The VRML files for letters and numbers are archived ready for retrieval. However, the VRML files for string input are created on the fly by our CGI script, GestureMaker. For adjacent handshapes that are the same, we insert the same handshape again in-between but moving backward slightly, to imitate repeated handshapes in a row in fingerspelling.
One obvious problem of the system is the collision and penetration of fingers and thumb for some string inputs, say, moving from letter A to letter B. In this case, we need to insert one or more key-frame handshapes to guide the path of movements. At this moment we still are working on general algorithms to find key frames to be inserted for these cases.
Also, we need more user feedback on our system, which has not been done exhaustively.
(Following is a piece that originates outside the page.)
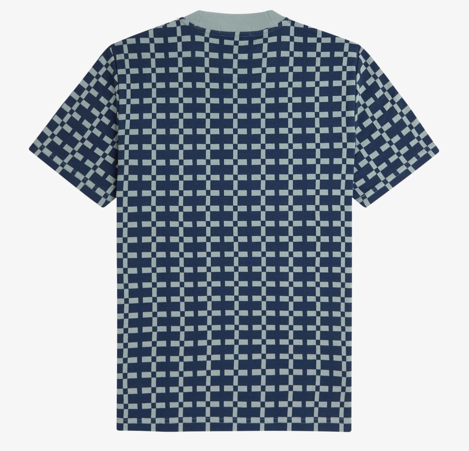 Casual, sports-inspired silhouettes like our crew neck t-shirts are a cornerstone of the Fred Perry brand. We like to keep things fresh and unexpected with a dressed-up rework every now and again. Designed with a geometric print that channels the squares, lines, and crosses of sport, this version has a deep neck trim for a high-end finish. Always built for function, constantly refreshed for expression.

A user familiar with ASL reported that the speed of our fingerspelling is slow compared to real-world fingerspelling. This will be improved in the next version by allowing users to adjust the pace of fingerspelling.
The most direct method for acquiring static and dynamic gestures is from a hand tracking device. However, the disadvantage is that each gesture has to be recorded separately. The next in the spectrum is to record key static gestures in ASL from the device, and to create dynamic gestures with animation among static ones. By this method, we gain a degree of automation. Also, static gestures can be created purely by the manipulations of control panel. This gives us a higher degree of automation since we can reuse gestures.
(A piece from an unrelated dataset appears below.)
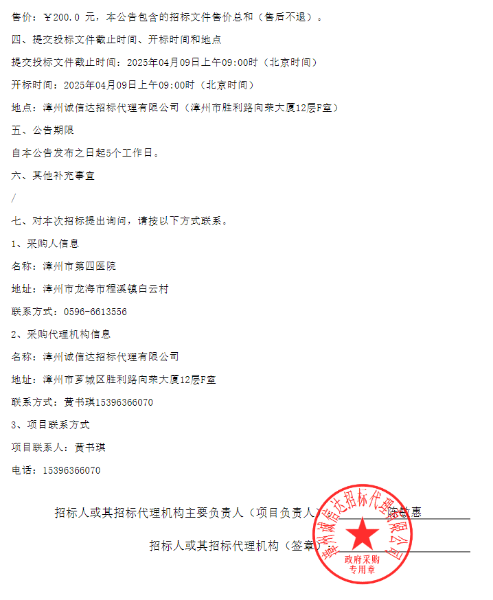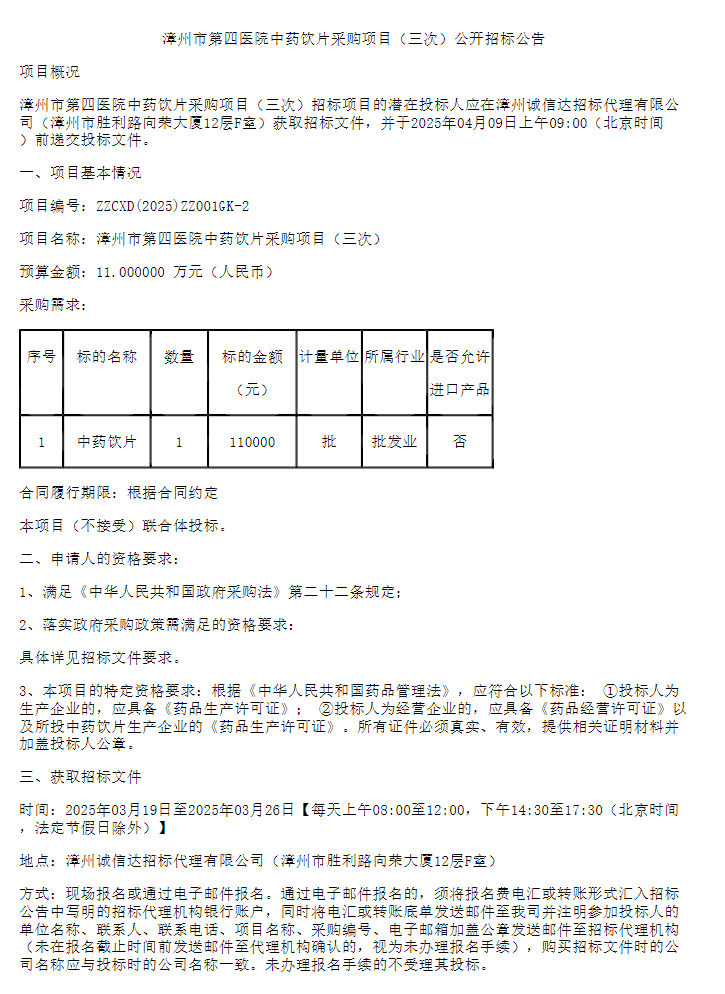 【漳州市第四医院】福建省漳州市第四医院中药饮片采购项目(三次)招标公告

Furthermore, we can break down handshapes into sub-handshape elements , then assemble handshapes with these elements, and do minor adjustments on the DOFs if needed. This gains an even higher degree of automation. This method will be implemented in the next version of system. Here is an example for the sign "I love you" to be expressed in sub-handshape elements:
I love you :: F1 (index), F4 (little): straight; F2 (middle), F3 (ring): fully curved; F0 (thumb): outward; PALM (orientation): superior-anterior.We will explore the possibility of expressing an ASL sign in terms of a string of tokens. The set of tokens will represent sub-handshape elements based on Stokoe's sign writing system. To complete this kind of system, more factors have to be considered. The most important thing is to include the second hand as well as the face and body of the signer in the VRML world. Since an ASL dictionary using the sign writing system is available , we can just follow it and translate the symbols into our tokens to compile an ASL dictionary in VRML. Our Web site demonstrating fingerspelling and Gesture-Maker is at http://www.csdl.tamu.edu/~su/asl/.